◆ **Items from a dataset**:

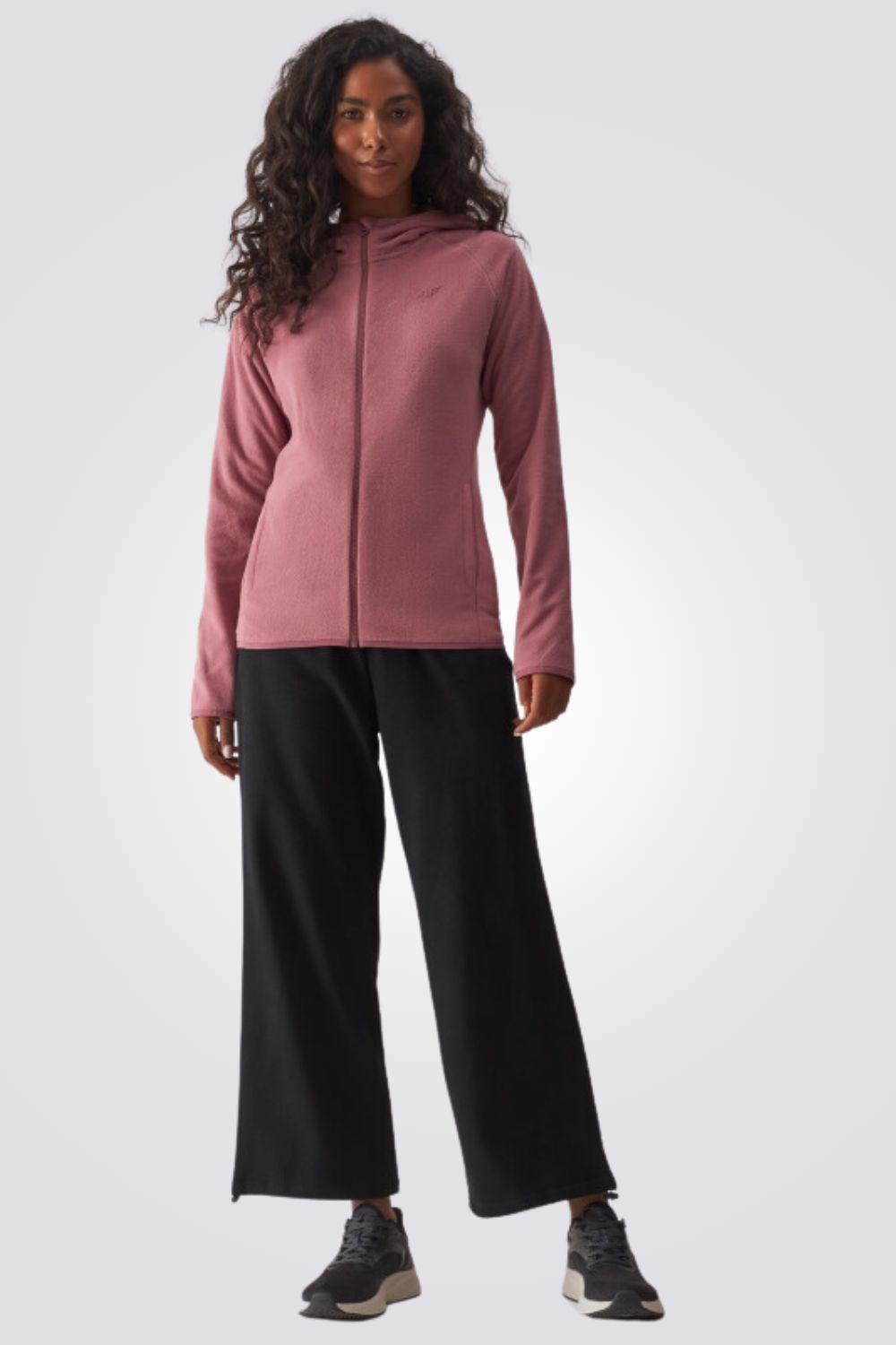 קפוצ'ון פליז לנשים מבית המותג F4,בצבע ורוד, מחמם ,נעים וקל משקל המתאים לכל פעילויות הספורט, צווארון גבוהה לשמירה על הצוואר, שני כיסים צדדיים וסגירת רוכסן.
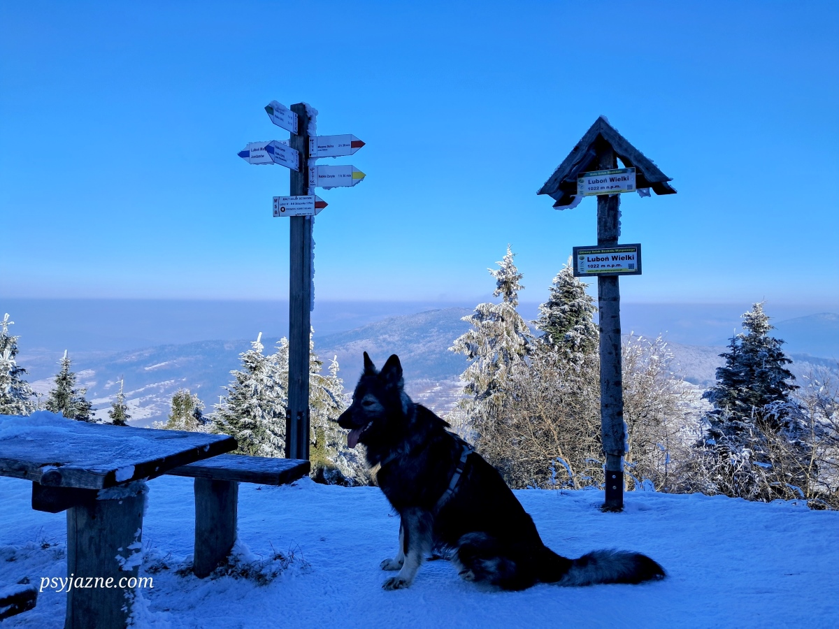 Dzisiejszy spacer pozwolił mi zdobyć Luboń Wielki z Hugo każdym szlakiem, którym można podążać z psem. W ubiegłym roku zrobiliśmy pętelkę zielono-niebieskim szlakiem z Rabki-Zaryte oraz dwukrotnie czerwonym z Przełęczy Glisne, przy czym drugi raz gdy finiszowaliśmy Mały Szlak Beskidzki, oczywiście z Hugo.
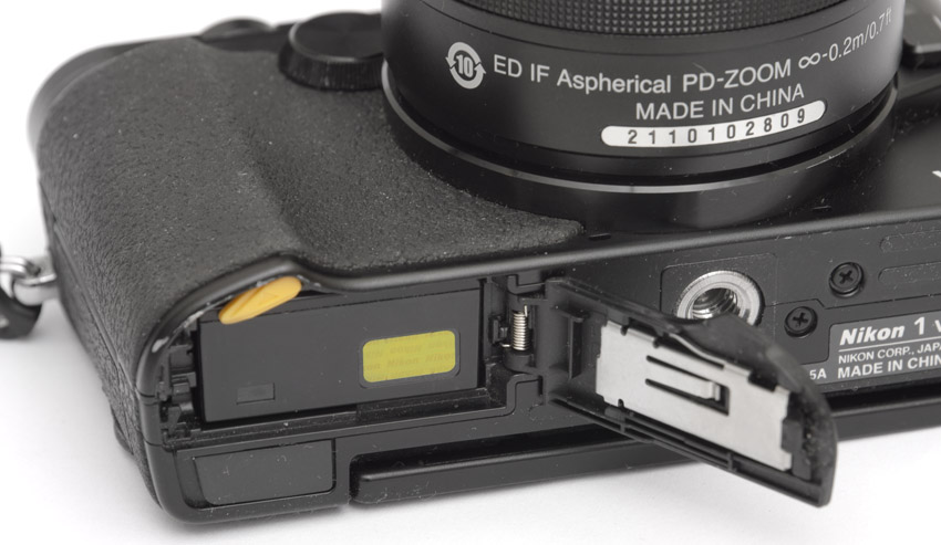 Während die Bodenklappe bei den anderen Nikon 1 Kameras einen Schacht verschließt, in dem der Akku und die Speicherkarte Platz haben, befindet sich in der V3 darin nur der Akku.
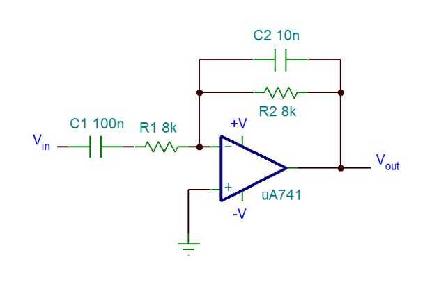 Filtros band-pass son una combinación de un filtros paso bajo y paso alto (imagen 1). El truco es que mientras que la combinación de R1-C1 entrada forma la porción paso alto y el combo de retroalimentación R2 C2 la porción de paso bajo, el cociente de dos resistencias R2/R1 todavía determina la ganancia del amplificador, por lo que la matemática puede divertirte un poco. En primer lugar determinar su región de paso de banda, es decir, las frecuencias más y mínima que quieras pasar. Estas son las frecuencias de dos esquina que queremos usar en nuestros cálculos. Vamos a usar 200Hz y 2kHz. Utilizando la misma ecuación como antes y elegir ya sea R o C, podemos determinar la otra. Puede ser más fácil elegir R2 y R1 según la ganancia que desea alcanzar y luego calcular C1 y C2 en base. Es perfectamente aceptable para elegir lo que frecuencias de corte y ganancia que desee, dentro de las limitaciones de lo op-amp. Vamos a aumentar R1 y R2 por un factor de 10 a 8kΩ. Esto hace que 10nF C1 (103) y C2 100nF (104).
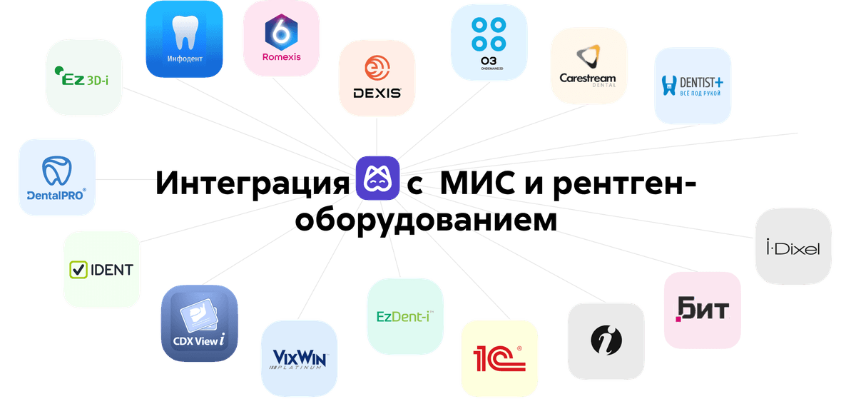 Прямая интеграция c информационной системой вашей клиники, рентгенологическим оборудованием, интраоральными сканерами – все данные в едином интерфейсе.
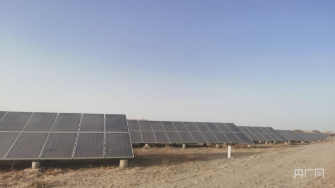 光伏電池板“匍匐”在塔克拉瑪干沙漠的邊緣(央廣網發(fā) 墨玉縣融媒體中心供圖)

◆ **To do**: Please print every record exactly, leaving out the pictures.

◆ **Answer for the task**:
 קפוצ'ון פליז לנשים מבית המותג F4,בצבע ורוד, מחמם ,נעים וקל משקל המתאים לכל פעילויות הספורט, צווארון גבוהה לשמירה על הצוואר, שני כיסים צדדיים וסגירת רוכסן.
 Dzisiejszy spacer pozwolił mi zdobyć Luboń Wielki z Hugo każdym szlakiem, którym można podążać z psem. W ubiegłym roku zrobiliśmy pętelkę zielono-niebieskim szlakiem z Rabki-Zaryte oraz dwukrotnie czerwonym z Przełęczy Glisne, przy czym drugi raz gdy finiszowaliśmy Mały Szlak Beskidzki, oczywiście z Hugo.
 Während die Bodenklappe bei den anderen Nikon 1 Kameras einen Schacht verschließt, in dem der Akku und die Speicherkarte Platz haben, befindet sich in der V3 darin nur der Akku.
 Filtros band-pass son una combinación de un filtros paso bajo y paso alto (imagen 1). El truco es que mientras que la combinación de R1-C1 entrada forma la porción paso alto y el combo de retroalimentación R2 C2 la porción de paso bajo, el cociente de dos resistencias R2/R1 todavía determina la ganancia del amplificador, por lo que la matemática puede divertirte un poco. En primer lugar determinar su región de paso de banda, es decir, las frecuencias más y mínima que quieras pasar. Estas son las frecuencias de dos esquina que queremos usar en nuestros cálculos. Vamos a usar 200Hz y 2kHz. Utilizando la misma ecuación como antes y elegir ya sea R o C, podemos determinar la otra. Puede ser más fácil elegir R2 y R1 según la ganancia que desea alcanzar y luego calcular C1 y C2 en base. Es perfectamente aceptable para elegir lo que frecuencias de corte y ganancia que desee, dentro de las limitaciones de lo op-amp. Vamos a aumentar R1 y R2 por un factor de 10 a 8kΩ. Esto hace que 10nF C1 (103) y C2 100nF (104).
 Прямая интеграция c информационной системой вашей клиники, рентгенологическим оборудованием, интраоральными сканерами – все данные в едином интерфейсе.
 光伏電池板“匍匐”在塔克拉瑪干沙漠的邊緣(央廣網發(fā) 墨玉縣融媒體中心供圖)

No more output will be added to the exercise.